There are no PMQs in St-Jean, except for the few on the old CMR campus, and those are only distributed selectively to people on campus. Remember the old CMR is not DND anymore... The PMQs for permanent St-Jean staff are in St-Hubert, about 20-30 min drive. Recce41 is correct, all postings for courses in St-Jean are restricted now (Recce41, the technical school moved out of St-Jean a few years ago).
Ralph, it‘s not easy for anyone, but that‘s the way it is. Joining the military is a big commitment, both for yourself and your family.


----------



## Recce41 (17 Feb 2003)

Jungle
 Thanks, I forgot, but that goes for any base.

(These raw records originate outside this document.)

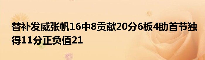全場比賽,張帆替補(bǔ)出戰(zhàn)28分17秒,投籃16中8,三分11中4,得到20分6籃板4助攻,正負(fù)值高達(dá)+21。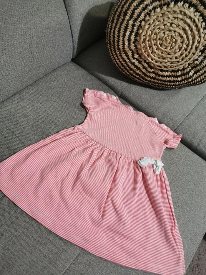 Robe marinière avec insert noeud Petit bateau Blanc et saumon Taille 18 mois Comme neuve portée une Fois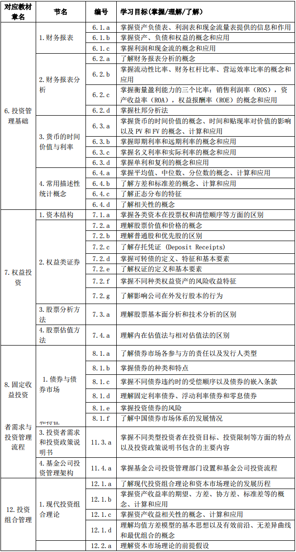 一、总体目标为确保基金从业人员掌握与了解基金行业相关的基本知识与专业技能,具备从业必须的执业能力,特设《证券投资基金基础知识》科目。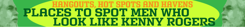STATE FAIRS • AIRPORTS • WAFFLE HOUSE • SANDWICH SHOPS • MALLS • CONSTRUCTION SITES • BOOT WORLD • BINION'S CASINO IN LAS VEGAS • SHAKEY'S PIZZA • GUN SHOWS • CAR LOTS • WHATABURGER • SOFTBALL GAMES • DRAG RACES • SCHOOL CARNIVALS • FISH FRIES • PAWN SHOPS • BEER GARDENS • STURGIS • HOME DEPOT • HOCKEY GAMES • BARS WITH SAWDUST FLOORS • CHURCH • SPORTING GOODS SECTION AT K-MART • HORSE TRACKS • RENO, NEVADA • OFFICIAL NASCAR EVENTS • STEAK AND ALE • STREET FAIRS • AA MEETINGS • SKI RESORTS • FEED STORES • POOL TOURNAMENTS • TAXIDERMY SHOPS • TIRE STORES • SEARS • BARBER SHOPS (NOTHING UNISEX!) • AUTO PARTS STORES • WINE SHOPS • CAR STEREO SHOPS • SWAP MEETS • RENAISSANCE FAIRES • STORAGE UNIT OFFICES • CRACKER BARRELS • BAR-B-QUE RESTAURANTS • HARLEY SHOPS • SAND AND GRAVEL SALES • REPTILE STORES • MONSTER TRUCK SHOWS • OFFICE DEPOT • IKEA (JUST KIDDING!) • YOUR FRIEND'S FACEBOOK PHOTO GALLERY • LEATHER SUPPLY STORE • CHRISTMAS TREE LOTS • ACTUAL KENNY ROGERS CONCERTS • CABLE TV INSTALLERS • CANCUN, MEXICO • ANYWHERE IN IOWA • KIDS SOCCER GAMES • OUTDOOR MUSIC FESTIVALS • DRY CLEANERS • MEAT DEPARTMENTS • MEN'S WAREHOUSE (I GUARANTEE IT!) • SAND CASTLE CONTESTS • YOUR UNCLE'S HOUSE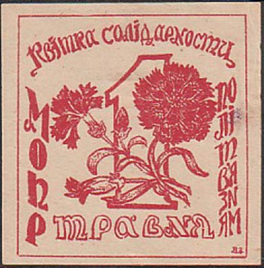 1930 1930(?) г. Разм. 74 х 74 мм. Одноцветная печать на желтоватой бумаге. В центре в прямоугольной рамке разм. 58 х 58 мм три гвоздики и текст в две строки на украинском языке: «1 мая». По периметру текст на украинском языке: «МОПР. День солидарности с политзаключенными».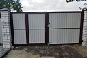 Навес 20х140 см для ворот необходим в первую очередь для того, чтобы защитить их фурнитуру и входную группу от солнца, снега и дождя. За счет этого он продлевает эксплуатационный срок и в плохую погоду позволяет пользоваться воротами в более комфортной обстановке. Зачастую каркас выполнен из металлического профиля, а кровля — например, из профнастила.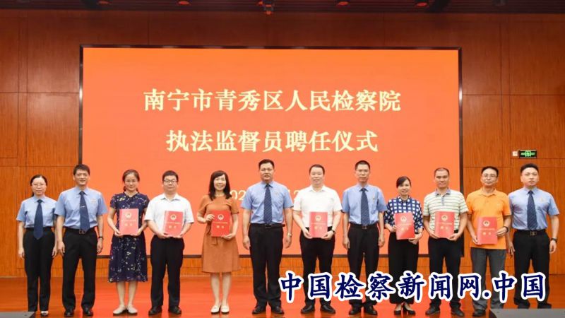 聘任仪式上,青秀区检察院党组书记、检察长王运华为受聘的15名执法监督员颁发聘书,并邀请执法监督员参观了该院的检察文化长廊。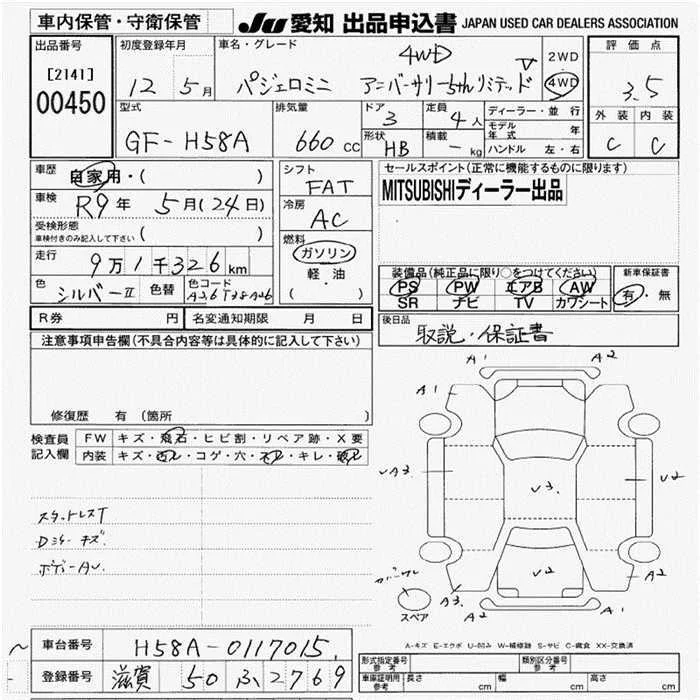 Mitsubishi PAJERO MINI с аукциона Японии JU Aichi лот № 450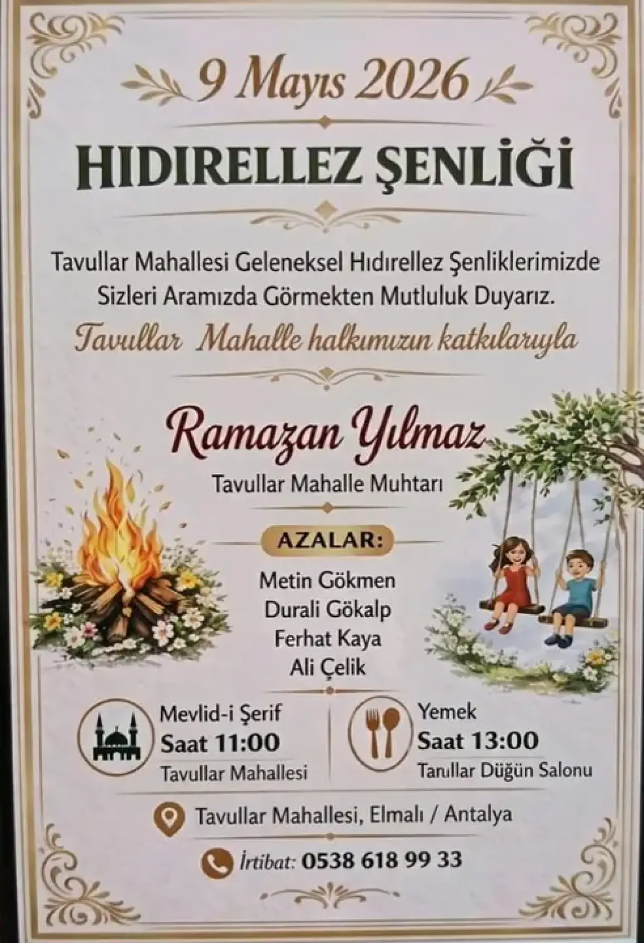 Hıdırellez heyecanı, mayıs ayının ikinci haftasında Elmalı ilçesinin Tavullar Mahallesi’ne taşınacak. Tavullar Mahalle Muhtarı Ramazan Yılmaz'ın koordinasyonunda yürütülen hazırlıklar çerçevesinde, 9 Mayıs 2026 Cumartesi günü bölge halkı bir araya gelecek. Saat 11.00’de Tavullar Mahallesi’nde gerçekleştirilecek olan Mevlid-i Şerif programını takiben, saat 13.00’te Tavullar Düğün Salonu’nda geleneksel Hıdırellez yemeği ikramı yapılacak.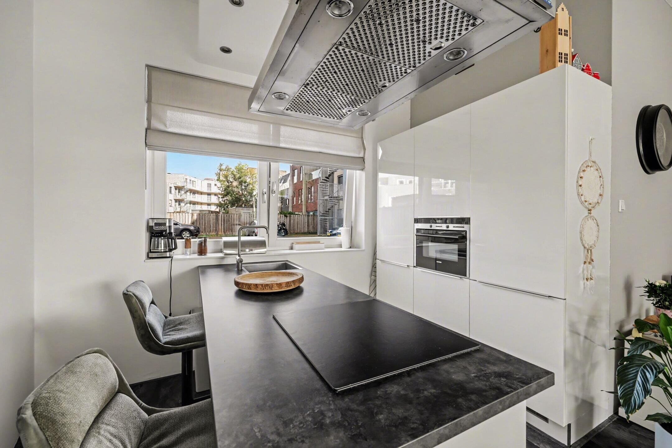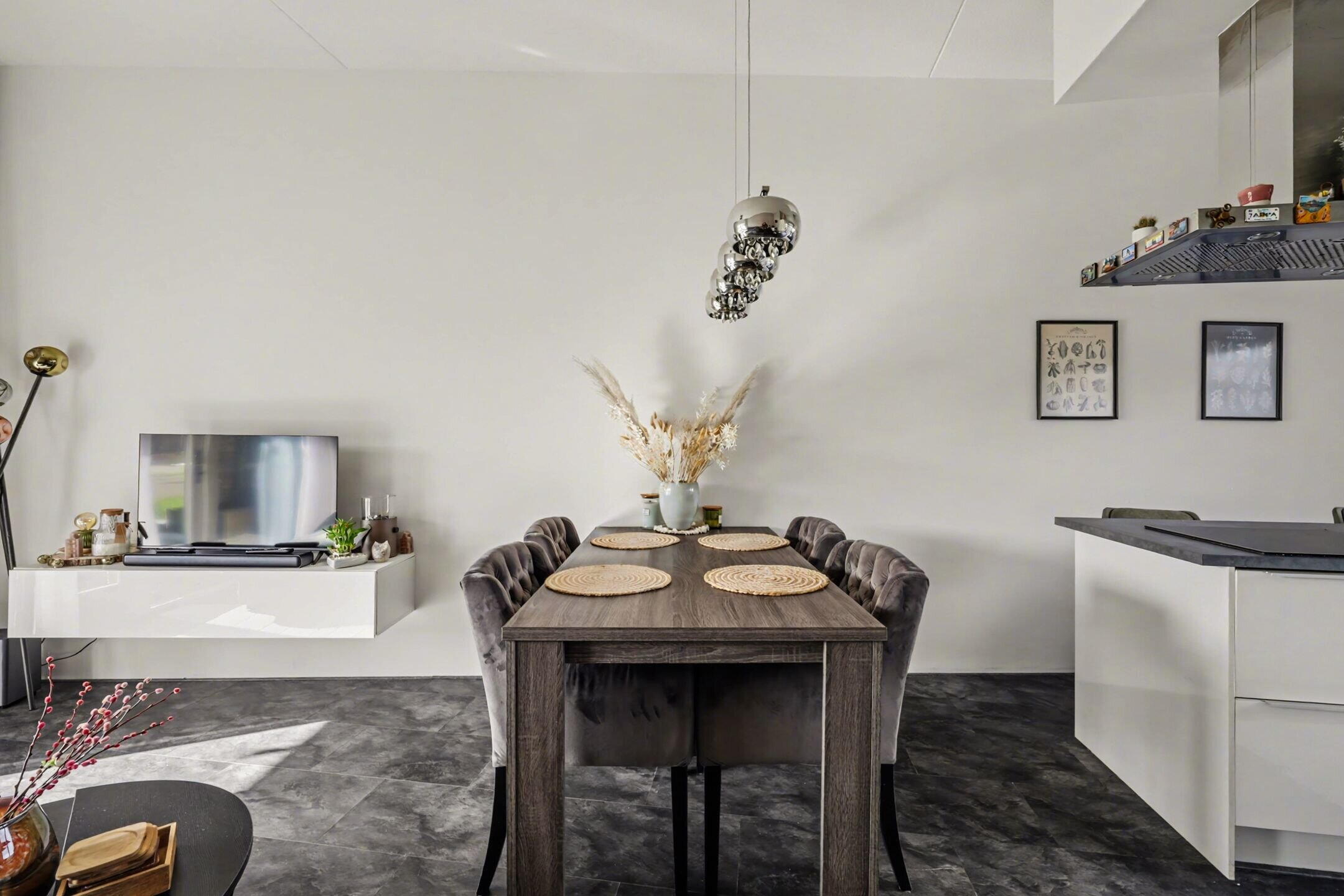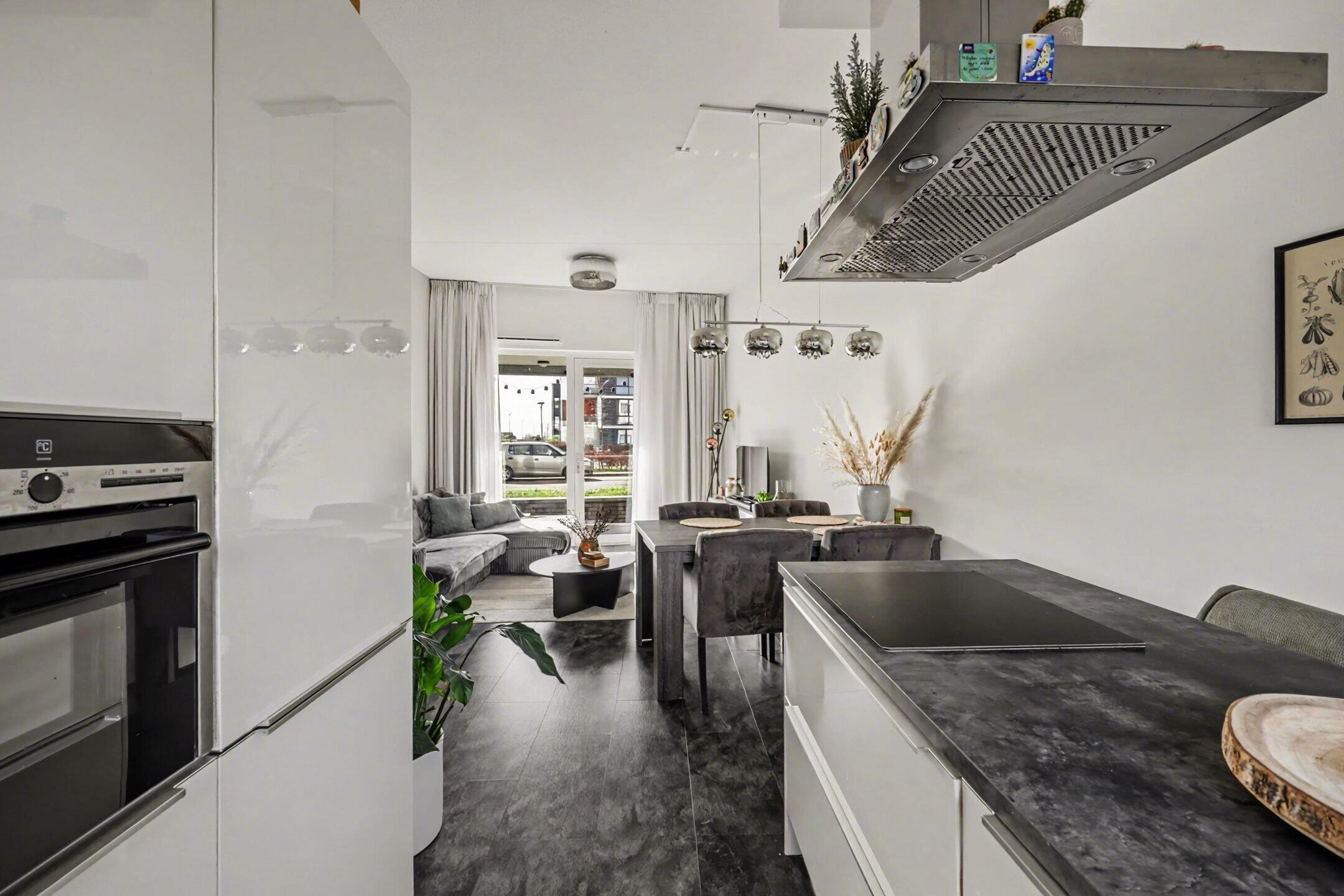 De open keuken sluit naadloos aan op de woonkamer en is modern uitgevoerd. De keuken beschikt over diverse inbouwapparatuur, waaronder een 4-pits inductiekookplaat, vaatwasser, koel-vriescombinatie en een combi oven/magnetron. Naast de keuken is voldoende ruimte voor een gezellige eethoek waar je comfortabel kunt tafelen.
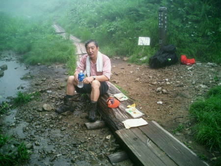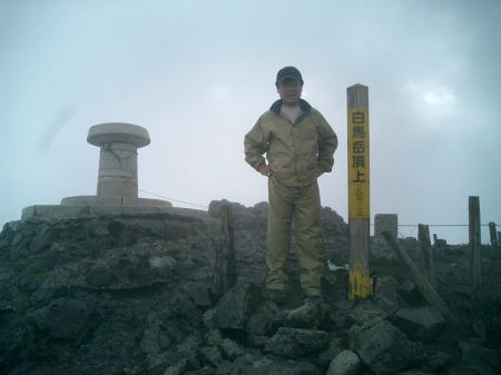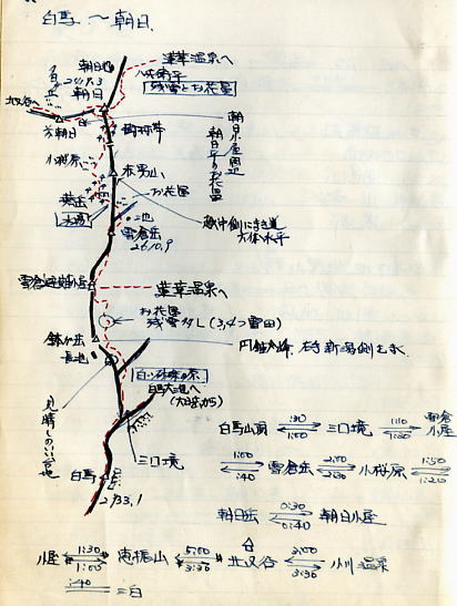 白馬岳―雪倉岳―朝日岳 ガスに霞む白馬山頂新田次郎著「強力伝」に登場する方位盤 白馬岳に立つ。降雨は小雨となり明るさを取り戻すも.視界は悪く0だった。 後立山の山波はこれから目指す隣りの雪倉山さえ望めずにいる。記録にと白馬岳の頂で彼の姿をカメラに収めた。 今回は調子がよければ.最後まで北上しようと思っている。ここからは目指す岳々が望めるられる筈だった。 佐渡と能登半島の間にある親不知に向かい.白馬の頂から北上する。再びガスが流れ込み.意に反し先は閉ざされる。 1966年08月の白馬岳〜朝日岳概念図メモ 女子夏合宿.当時2パーティ全員が途中下山した。コマクサとライチョウの親子 二重頂稜の馬の背からガラ場を抜けると三国境にでる。左側に広がるガラ場にコマクサの群生が見られた。 この周辺はコマクサを大分大掛かりに移植したと言われている。Oは粗過ぎるガラ場に.よく移植すことができたと感心を寄せていた。 頬に冷たく当たる霧粒が痛く.激しく流れ落ちている。そのガラ場には見るからに弱々しいコマクサが.疎らに孤高の如く咲き添っていた。 小さな花を震わせ,風に耐える姿は生命力の強さを感じさせ.それを考えると更に華麗な花に思えた。 又.「グェーグェー」と低い声を連発するライチョウの親子.番も.この場で幾度となく出偶していた。這松に身を任せ.幼鳥はチョコチョコ可愛らしく歩む。 一晩過ぎ仲間意識の生まれ始めた「ハシタ会」のメンバーに追い付き再会した。互いの健闘を祈り三国境で別れている。 ここは学生時代に後輩が病後の体に立ち向かえず.朝日岳を前にして縦走を諦め.途中下山した地点でもある。 今その地点に年老けた私達が立っている。多くの登山者が白馬大池方面に向かう中.ここから私達の第一歩が改めて始まる。 その先未知の径は遠く.まだ雷鳴が轟いていた。 雪倉避難小屋手前 鉢ヶ岳東面の雪渓横断朝方の雪渓は雪表を凍らせ.カッテングに苦労し.横断に不安を抱かさせられた。滑れば止まらぬ滑落が待っている。 前に通ったであろう人はアイゼンを付けていた。 ふと.学生時代.南ア荒川岳で同じような状態に陥り.別のパーティからザイルを借用したことを想いだしていた。 後続パーティを待ちステップを切て貰うことにした。間を空けず続々集まる登山者を待機させ.若者にステップを依頼する。 ガス濃い雪倉岳山頂雪倉岳北面のお花畑 ハクサンコザラのお花畑 一面に群がる華麗な花達夜半より鳴り続けた雷鳴は常に前方,日本海側から遠く響き轟いていた。11時頃には雷雲は東寄りに移動し治まった模様。 晴れていれば丘陵のようなお花畑の頂稜が足元から続いている筈だった。 両脇に深い谷を構えるも山上の楽園は尾根筋を広め雄大でなだらかなうねりを伴っていた。 歩む左右一杯に穏やかな起伏が広がり.2000mを越すにも係らず.丸味を帯びた大らかな尾根筋は雪田にお花畑を抱いている。 ニッコウキスゲも咲き誇り.ガスが途切れば申し分ない憩いの場所になっていることだろう。 水平道分岐 右に折れ朝日岳を越えるガスで見定められぬものの赤男山を捲き込むと木道が現れる。 池塘が散りばめられた長閑な草原には遅れた残雪に高山植物が一勢に咲き競っている。混ざり合う高山植物に時折足を停めている。 12時.朝日岳との分岐に立つ。長い木道が続いている。 池塘が点在し.周りには雨に叩かたトリカブトの紫の花が群をなし.見ているだけでも清々しい。又.ミズバショウの大きな葉が露を集めてもいた。 大休止 共に食欲が落ち.食い気はなくなるも食べねばと。彼はハシを付けず.強引にオカズだけでもと互い口へ運んでいる。 水平道を断念 2度.」朝日岳を登ることはないと山腹の水平歩道に捲くよう薦めるが.30代に来た彼の記憶が強く残されていた。 厳しい捲き径だと悟るよう説明されると断ることができなかった。「山と高原地図」の解説書にも同じような記載がなされていた。 ただ年毎に山道は改善されている筈である。彼の強引さもあるが.事前に白馬山荘ではっきり確認を取らなかったことが失敗だった。 朝日小屋には我々を越す筈のないメンバー達が1時間も前に到着していた。彼等.彼女等は朝方の雪渓トラバースで一緒になったメンバーだった。 驚きの顔で迎える彼女達。山越えは小屋番にも無言で笑われた。 7月24日現在まで水平道は雪多く安全が確保されないため通行禁止の処置が取られていたが下旬には開放されていた。 朝日岳山頂 一時のガスが切れる 朝日平へのイブリ谷朝日岳 水平道分岐より朝日岳まで直登と急坂が続いた。初っ端から階段状の根が這う径に遮られ.馬力のみが必要になる。 径は常に霧雨で濡れ抜かるんでいた。また雨が降りだしたて.1本取っている。 晴れていれば樹林に風は遮られ暑く蒸し.枯れ草の腐った匂いが漂うような場所だった。 今日最後の登りと小豆入り水羊羹とアミノ酸錠を共に口に運ぶび踏ん張る。 潅木から視界が開かれた頂は広い台地状の湿原に突然変わっいる。そして粘
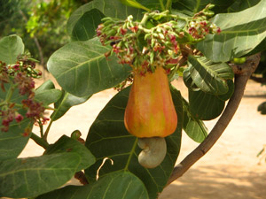 und sich gleich darauf in den Mund schieben kann. Die Cashewnuss wächst unterhalb einer Frucht, die Cashewapfel genannt wird, weil

If you move you family on a restricted posting. You cough up the cost and you are not intitled to seperation pay. And they do check. I was told there were Qs but that was a while back thanks again.


----------



## Zoomie (17 Feb 2003)

Funny thing is... The OR at the Language school told my buddy to keep collecting SE, they knew his wife was there... Heck she even took classes at the school!  Notwithstanding, the OR at CFLS was incompetent at best (when I was there).


----------



## Recce41 (17 Feb 2003)

I would have him check again, it would be bad to be stuck for a few 1000$. He should go to the Base pay office that does claims.


----------



## Zoomie (17 Feb 2003)

We‘re talking ancient history here Recce41...  He‘s off elsewhere, and I‘m 3000kms west of that location and still a 2Lt!!  ( Yes ! I am bitter   )


----------



## Illucigen (19 Feb 2003)

SLT Officers (second language training) are provided with "Suites" at the Mega at ASU St-Jean. As far as I know, they are required to remain in them. RMC Cadets doing SLT, and some others also stay in the old CMR dorm rooms and take courses at Campus Fort St Jean. (Summer only)


----------



## Zoomie (19 Feb 2003)

LOL, Suites.. Never heard of them being called that.  If you call 16 square feet a suite then I hate to see what they have you guys staying at in Fort St-Jean!


----------



## griffon (19 Feb 2003)

No, SLT students are not required to stay in the Mega....and if you want to maintain your sanity.....
Even the rooms they call `suites` in the Mega (orange sector above the o`s mess) aren`t much bigger than the blue sector.   
And Zoomie, I can sympathize with your plight!!!!  2Lt/OJT forever!!!!


----------